– Я часто слышу, как ваши трубачи дают сигналы. Мне очень нравится, как они трубят.
– Ничего трубят, но могли бы и лучше, – сказал Джон, считая неприличным слишком расхваливать то, к чему сам приложил руку.
– Это вы научили их?
– Да, обучал их я.
– Должно быть, очень, очень трудно добиться, чтобы они начинали и заканчивали одновременно, секунда в секунду. Кажется, будто это один человек трубит. Как случилось, что вы стали трубачом, мистер Лавде?
– Да как-то так вышло, само собой. Началось, когда я был еще мальчишкой, – ответил Джон, в котором этот трогательный интерес к его особе вызвал неудержимое желание излить душу. – Я вечно делал дудки из бумаги, из бузины и даже не поверите, из стеблей жгучей крапивы. У отца было небольшое ячменное поле, и вот он, отправив меня стеречь его от птиц, как-то раз дал мне старый рожок, чтобы их отпугивать, а я научился так дудеть в этот рожок, что меня было слышно за милю. Тогда отец купил мне кларнет, а когда я научился на нем играть, взял напрокат серпент.

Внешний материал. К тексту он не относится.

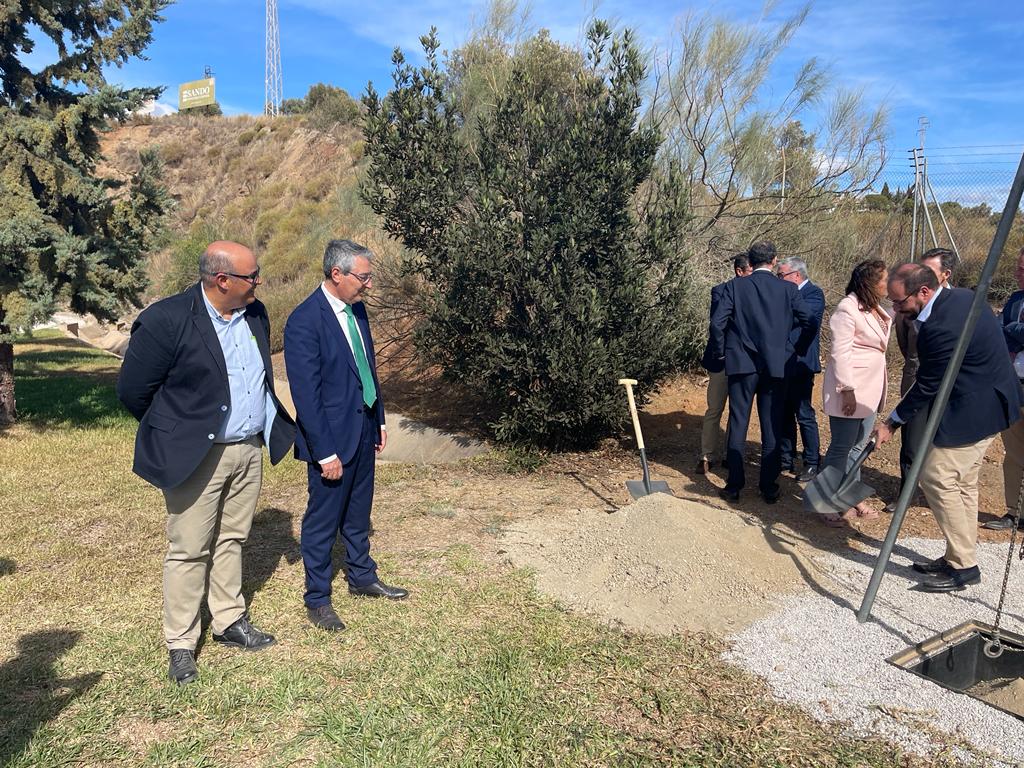 La consejera de Agricultura, Pesca, Agua y Desarrollo Rural, Carmen Crespo, ha colocado este viernes la primera piedra de las obras de emergencia de la conexión del tratamiento terciario de la Estación Depuradora de Aguas Residuales (EDAR) de Rincón de la Victoria con los regadíos del Sector 8 del Plan Guaro, con la presencia de nuestro presidente, Jesús Lupiáñez, y nuestra secretaria general y parlamentaria, Rocío Ruiz.
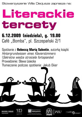 Stowarzyszenie Willa Decjusza w ramach programu Literackie tercety zaprasza w niedzielę, 6 grudnia, o godzinie 19.00 do Café Bomba (Kraków, pl. Szczepański 2/1) na spotkanie z Rebeccš Mariš Salentin, autorkš ksišżki Hintergrundwissen eines Klavierstimmers (Sekretna wiedza stroiciela fortepianów). Spotkanie poprowadzš Sława Lisiecka i Jakub Ekier (tłumaczenie).

Потом я довольно сносно научился играть и на бас-трубе. Так что, когда попал в армию, меня тут же определили учиться на трубача.
– Ну разумеется.
– Но иной раз я все-таки жалею, что попал в армию. Отец дал мне возможность учиться, а ваш отец научил рисовать лошадей – на грифельной доске. В общем, мне кажется, я мог бы достичь большего.
– Как? Вы знали моего отца? – удивилась Энн, осознав, что Джон пробуждает в ней все больший интерес.
– Да, я хорошо его знал. Вы были совсем крошка тогда и плакали, бывало, когда мальчишки постарше глядели на вас и, как водится, делали страшные глаза. А сколько раз стоял я возле вашего папаши и смотрел, как он работает. Вы, верно, совсем его не помните, а я помню!
Энн молчала задумавшись. Луна выглянула из-за туч и заиграла на влажной листве, а шпоры трубача и пуговицы на его мундире засверкали, как маленькие звездочки.
Когда они подошли к ограде оксуэллского парка, Джон спросил:
– Хотите пройти через усадьбу, или обойдем кругом?
– Мы можем пройти здесь, тут ближе.
Они вступили в парк, подошли по заросшей травой аллее почти к самому дому, свернули на тропинку, ведущую в деревню, и тут услыхали шум, голоса, громкие восклицания, которые доносились из темного здания, мимо которого проходили.
– Что там такое? – встревожилась Энн.
– Не знаю, – ответил ее спутник. – Пойду посмотрю.
Он обошел высохший, заросший кресс-салатом и сорняками пруд, который служил когда-то рыбным садком, по дренажной трубе переправился через едва заметный, но еще сочившийся ручеек и приблизился к дому. Оттуда несся нестройный шум, и любопытство заставило Джона обогнуть угол дома с той стороны, где окна были расположены ниже, и сквозь щель в ставнях заглянуть внутрь.
Он увидел комнату, в которой всегда обедал хозяин дома и которая по обычаю называлась парадной гостиной; там за столом сидело около дюжины молодых людей в форме территориальной конницы, и среди них – Фестус. Они пили, хохотали, пели, стучали кулаками по столу – словом, веселились вовсю, производя дикий шум. В неплотно прикрытое окно порывами задувал ветер, колыхая пламя свечей, и они оплывали, одеваясь в причудливые струящиеся одежды, словно в саван, и горели коптящим желтым пламенем, тускнея от нагара своих толстых черных фитилей. Один из бражников, видимо, сильно захмелев, заливался пьяными слезами, обхватив за шею соседа. Другой произносил какую-то бессвязную речь, которой никто не слушал. У одних лица побагровели, у других казались желтыми, как воск; одни клевали носом, другие были чрезмерно возбуждены. Только Фестус пребывал в обычном для него состоянии и, сидя во главе стола, огромный, грузный, с выражением довольства и превосходства наблюдал за своими захмелевшими приятелями и, казалось, торжествовал. Джон услышал, как один из пирующих кликнул служанку дядюшки Бенджи – молодую женщину, племянницу Энтони Крипплстроу; в руки ей насильно сунули скрипку и заставили извлекать из этого инструмента какие-то нестройные звуки.